──────── DATA SHOWN ────────

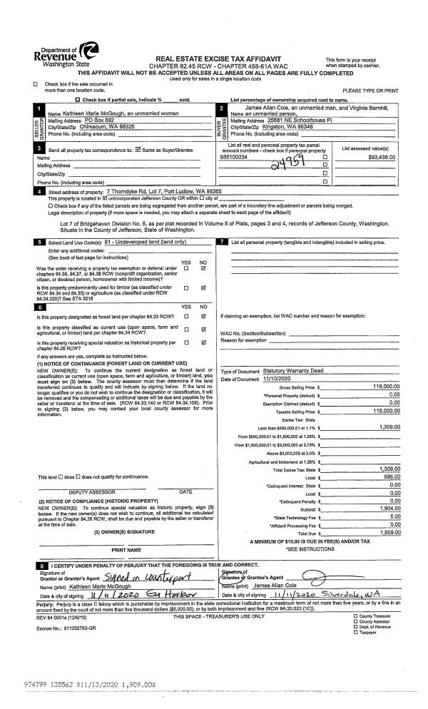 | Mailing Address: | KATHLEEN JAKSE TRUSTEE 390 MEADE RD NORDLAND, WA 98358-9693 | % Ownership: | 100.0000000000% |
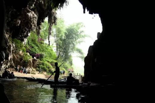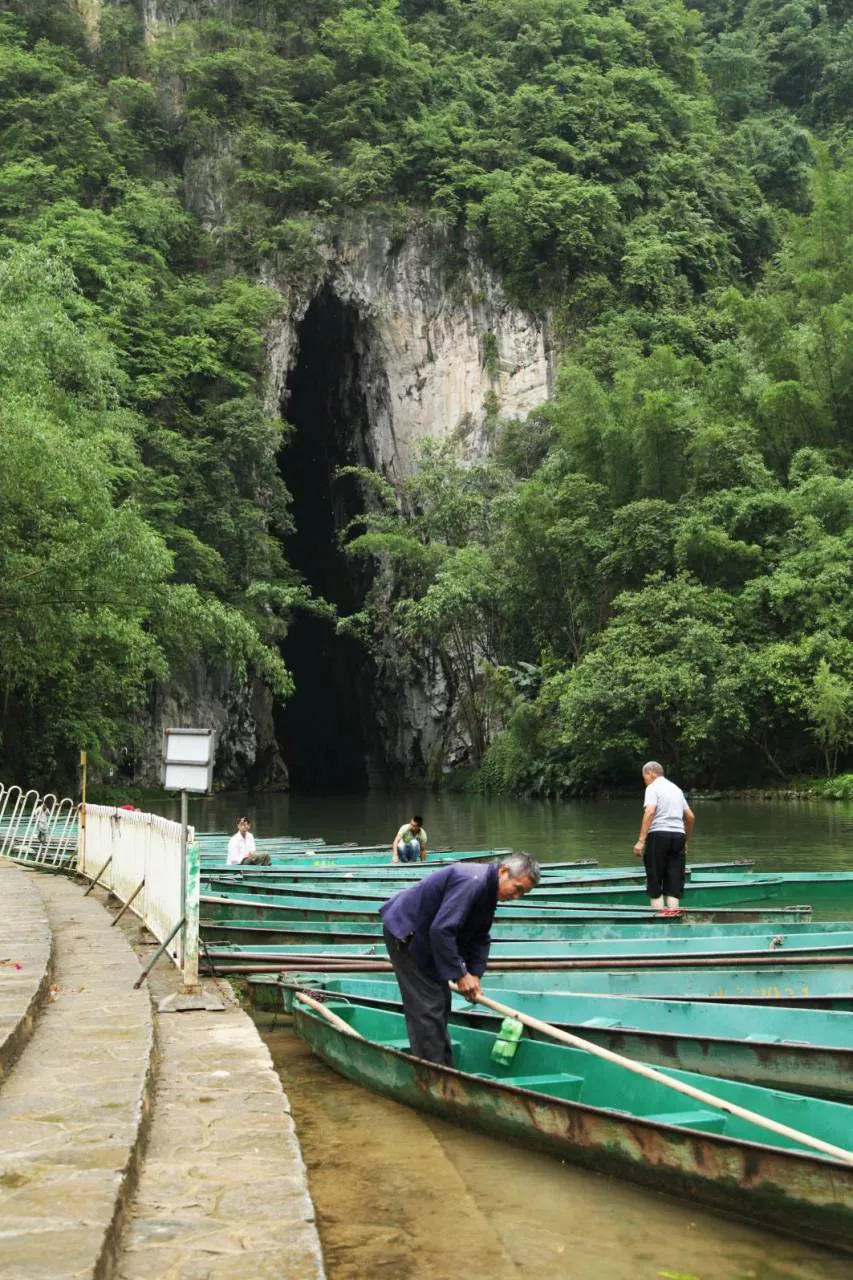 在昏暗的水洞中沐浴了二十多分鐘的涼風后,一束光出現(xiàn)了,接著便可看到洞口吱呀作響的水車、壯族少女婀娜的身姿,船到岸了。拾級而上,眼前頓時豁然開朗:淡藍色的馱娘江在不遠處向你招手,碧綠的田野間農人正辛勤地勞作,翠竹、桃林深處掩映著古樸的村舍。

────────
──────── DATA SHOWN ────────

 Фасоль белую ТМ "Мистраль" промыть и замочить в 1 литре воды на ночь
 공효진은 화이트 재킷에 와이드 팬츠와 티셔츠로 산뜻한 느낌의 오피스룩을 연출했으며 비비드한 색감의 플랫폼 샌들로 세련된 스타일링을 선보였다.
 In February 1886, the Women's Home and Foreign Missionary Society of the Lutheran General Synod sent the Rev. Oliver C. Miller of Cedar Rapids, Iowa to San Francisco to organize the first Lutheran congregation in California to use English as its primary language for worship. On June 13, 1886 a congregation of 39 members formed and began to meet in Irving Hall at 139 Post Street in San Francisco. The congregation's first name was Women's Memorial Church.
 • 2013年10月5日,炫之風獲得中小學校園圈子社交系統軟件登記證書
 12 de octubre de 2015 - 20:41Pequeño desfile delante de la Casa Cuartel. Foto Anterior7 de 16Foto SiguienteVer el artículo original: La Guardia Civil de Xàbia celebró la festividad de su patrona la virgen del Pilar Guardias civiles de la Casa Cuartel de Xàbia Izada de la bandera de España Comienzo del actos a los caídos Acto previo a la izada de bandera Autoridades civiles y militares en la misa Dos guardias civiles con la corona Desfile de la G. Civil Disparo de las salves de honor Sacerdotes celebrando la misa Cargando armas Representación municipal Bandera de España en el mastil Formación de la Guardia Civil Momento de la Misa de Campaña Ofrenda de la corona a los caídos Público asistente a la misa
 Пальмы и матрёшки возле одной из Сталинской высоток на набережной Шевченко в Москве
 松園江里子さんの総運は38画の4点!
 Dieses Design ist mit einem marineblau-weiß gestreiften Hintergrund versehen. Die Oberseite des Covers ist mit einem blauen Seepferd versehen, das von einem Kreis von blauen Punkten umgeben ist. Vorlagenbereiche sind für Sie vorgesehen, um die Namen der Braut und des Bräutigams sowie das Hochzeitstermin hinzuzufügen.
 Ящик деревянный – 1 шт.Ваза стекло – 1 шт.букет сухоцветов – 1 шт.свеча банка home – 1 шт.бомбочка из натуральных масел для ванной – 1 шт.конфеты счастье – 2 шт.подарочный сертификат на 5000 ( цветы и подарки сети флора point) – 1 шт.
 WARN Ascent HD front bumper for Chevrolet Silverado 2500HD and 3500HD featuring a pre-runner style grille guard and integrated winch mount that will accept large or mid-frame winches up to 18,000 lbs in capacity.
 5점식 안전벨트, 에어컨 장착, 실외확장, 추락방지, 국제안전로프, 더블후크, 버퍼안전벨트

────────

- PROMPT
From the line containing "Пальмы и матрёшки" down to the line containing "5점식 안전벨트, 에어컨" in the material above, reproduce every line exactly, including the two end lines.

- TASK SOLUTION
 Пальмы и матрёшки возле одной из Сталинской высоток на набережной Шевченко в Москве
 松園江里子さんの総運は38画の4点!
 Dieses Design ist mit einem marineblau-weiß gestreiften Hintergrund versehen. Die Oberseite des Covers ist mit einem blauen Seepferd versehen, das von einem Kreis von blauen Punkten umgeben ist. Vorlagenbereiche sind für Sie vorgesehen, um die Namen der Braut und des Bräutigams sowie das Hochzeitstermin hinzuzufügen.
 Ящик деревянный – 1 шт.Ваза стекло – 1 шт.букет сухоцветов – 1 шт.свеча банка home – 1 шт.бомбочка из натуральных масел для ванной – 1 шт.конфеты счастье – 2 шт.подарочный сертификат на 5000 ( цветы и подарки сети флора point) – 1 шт.
 WARN Ascent HD front bumper for Chevrolet Silverado 2500HD and 3500HD featuring a pre-runner style grille guard and integrated winch mount that will accept large or mid-frame winches up to 18,000 lbs in capacity.
 5점식 안전벨트, 에어컨 장착, 실외확장, 추락방지, 국제안전로프, 더블후크, 버퍼안전벨트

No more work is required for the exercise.